*** Data below ***

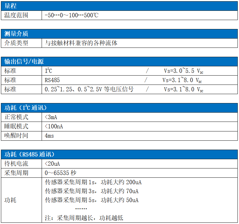 ◆ 物联网专用温度测量 ◆ 可外接锂电池供电 ◆ 低功耗 ◆ 支持I2C、RS485或电压信号输出 ◆ 体积小巧,易于安装
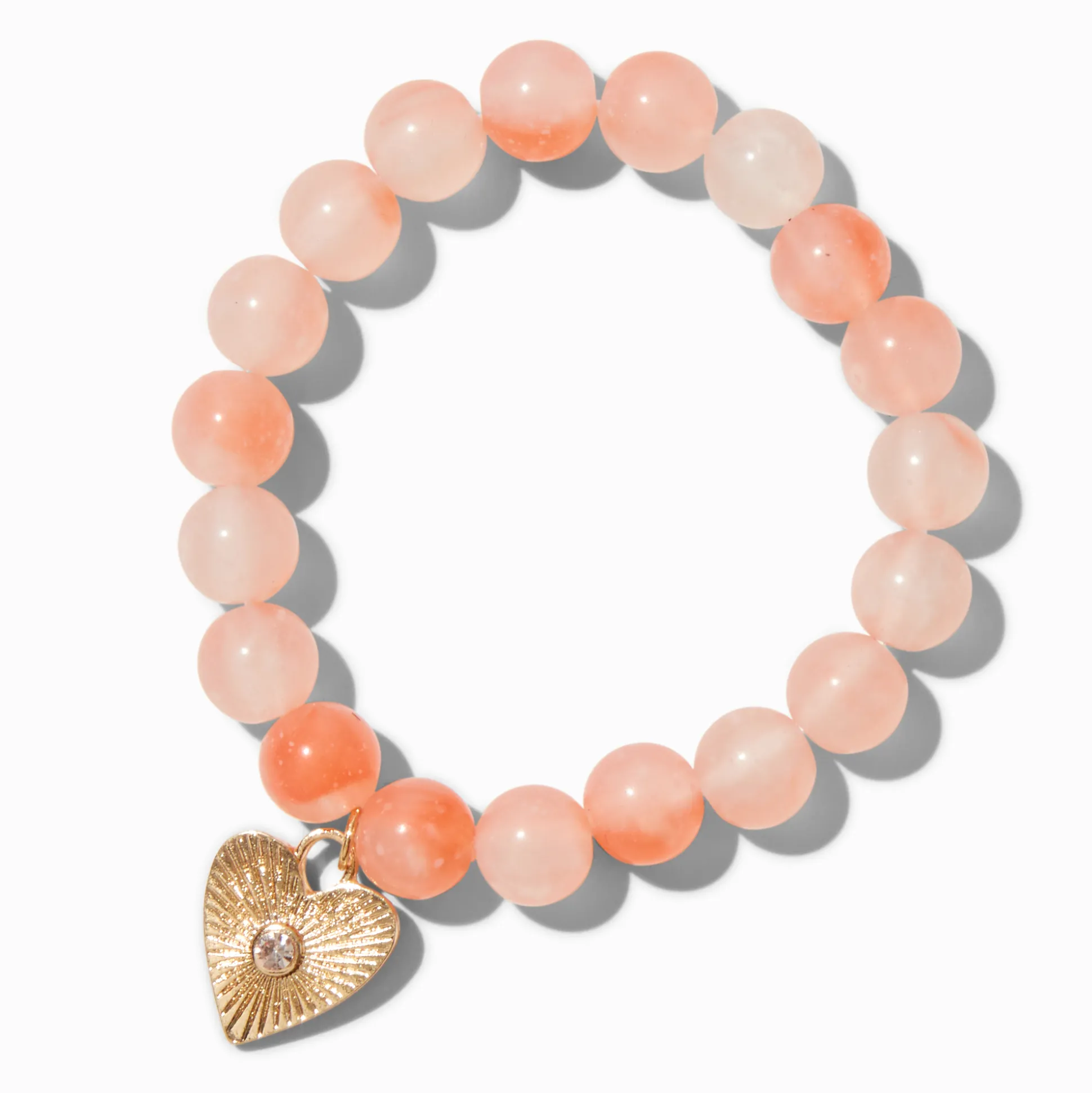 Such a lovable accessory for your collection! The coral marbled stretch bracelet is adorned with the cutest little heart charm!
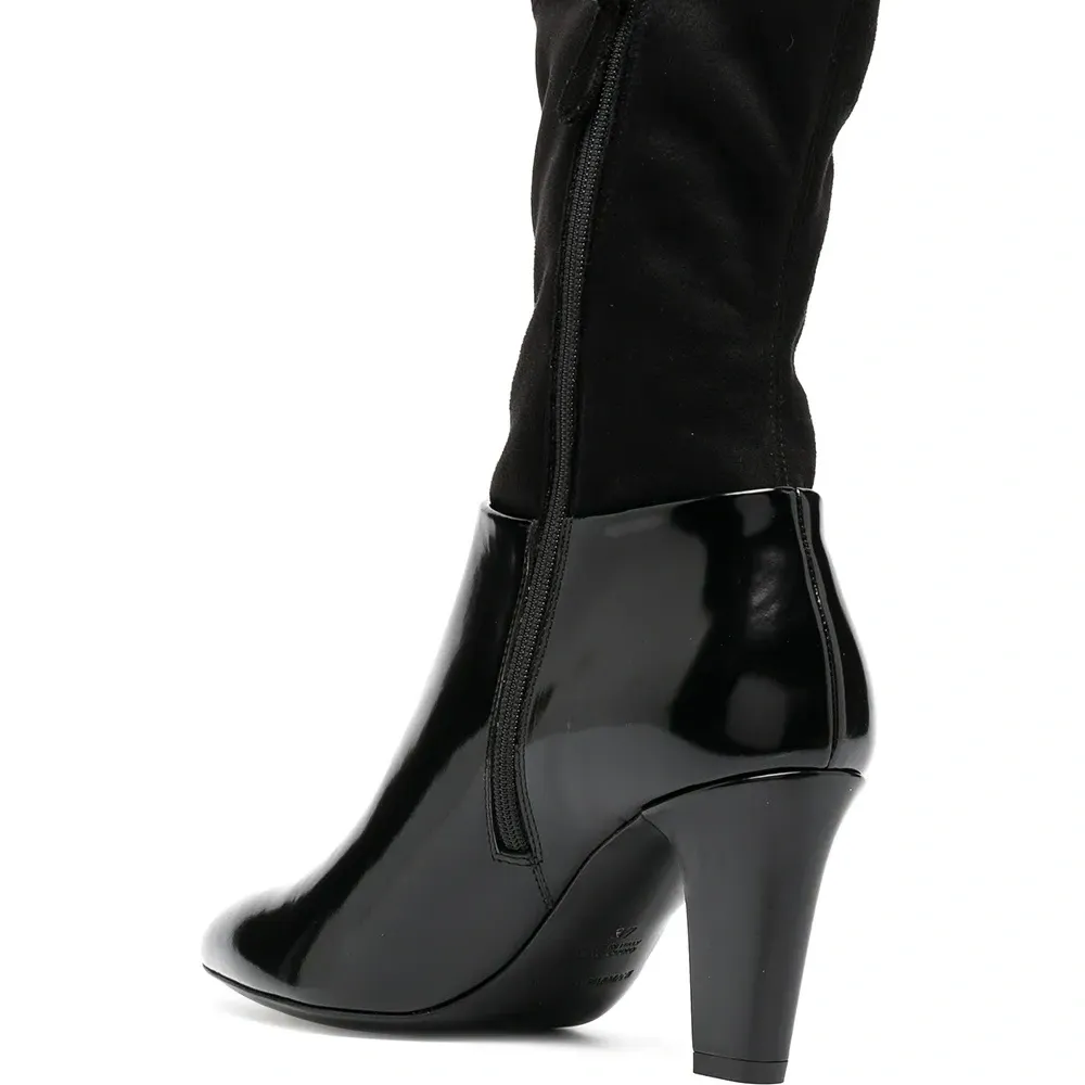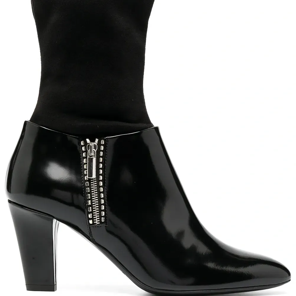 Носочная деталь, заостренный носок, короткая застежка на молнии сбоку, застежка на молнии сбоку, стелька с логотипом и высокий блочный каблук. Цвет: черный.
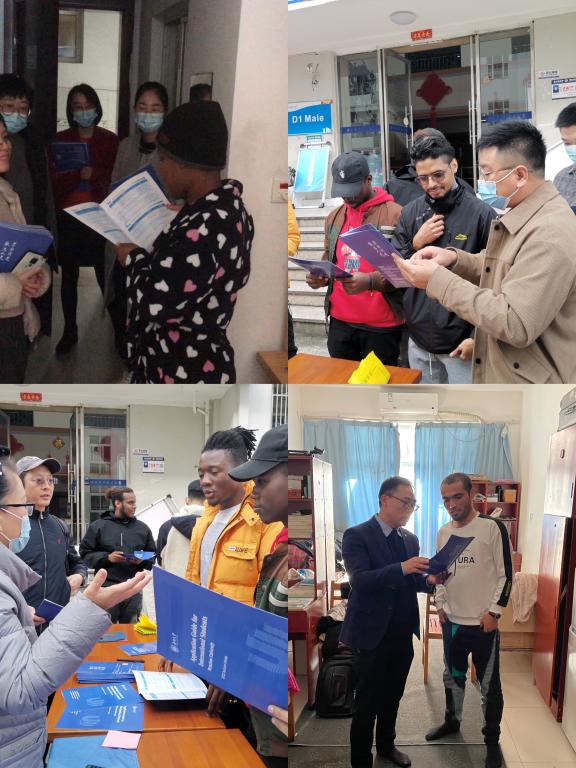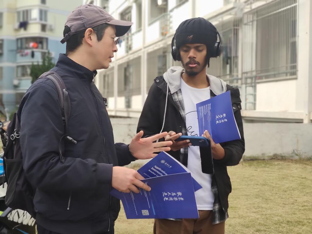 党员们手里拿着《Application Guide for Inernational Students Wenzhou University》小册子,深入国际生寝室,向国际生详细介绍了十大正规买球的app排行榜国际生的招生政策,涉及硕士项目、本科项目的招生情况以及相关学院、专业名称、学制、授课语言等;讲解了国际生就读的费用情况,包括学费、申请费、住宿费、体检费、保险费、居留许可费;告知了中国政府奖学金、国际中文教师奖学金、浙江省政府奖学金、十大正规买球的app排行榜国际学生校长奖学金等奖学金情况;耐心传达了资格申请的申请方式,申请时间以及申请所需材料。

*** End of Data below ***

* Exercise brief
Give back all of the material exactly, though without the images it contains.

* Reply
 ◆ 物联网专用温度测量 ◆ 可外接锂电池供电 ◆ 低功耗 ◆ 支持I2C、RS485或电压信号输出 ◆ 体积小巧,易于安装
 Such a lovable accessory for your collection! The coral marbled stretch bracelet is adorned with the cutest little heart charm!
 Носочная деталь, заостренный носок, короткая застежка на молнии сбоку, застежка на молнии сбоку, стелька с логотипом и высокий блочный каблук. Цвет: черный.
 党员们手里拿着《Application Guide for Inernational Students Wenzhou University》小册子,深入国际生寝室,向国际生详细介绍了十大正规买球的app排行榜国际生的招生政策,涉及硕士项目、本科项目的招生情况以及相关学院、专业名称、学制、授课语言等;讲解了国际生就读的费用情况,包括学费、申请费、住宿费、体检费、保险费、居留许可费;告知了中国政府奖学金、国际中文教师奖学金、浙江省政府奖学金、十大正规买球的app排行榜国际学生校长奖学金等奖学金情况;耐心传达了资格申请的申请方式,申请时间以及申请所需材料。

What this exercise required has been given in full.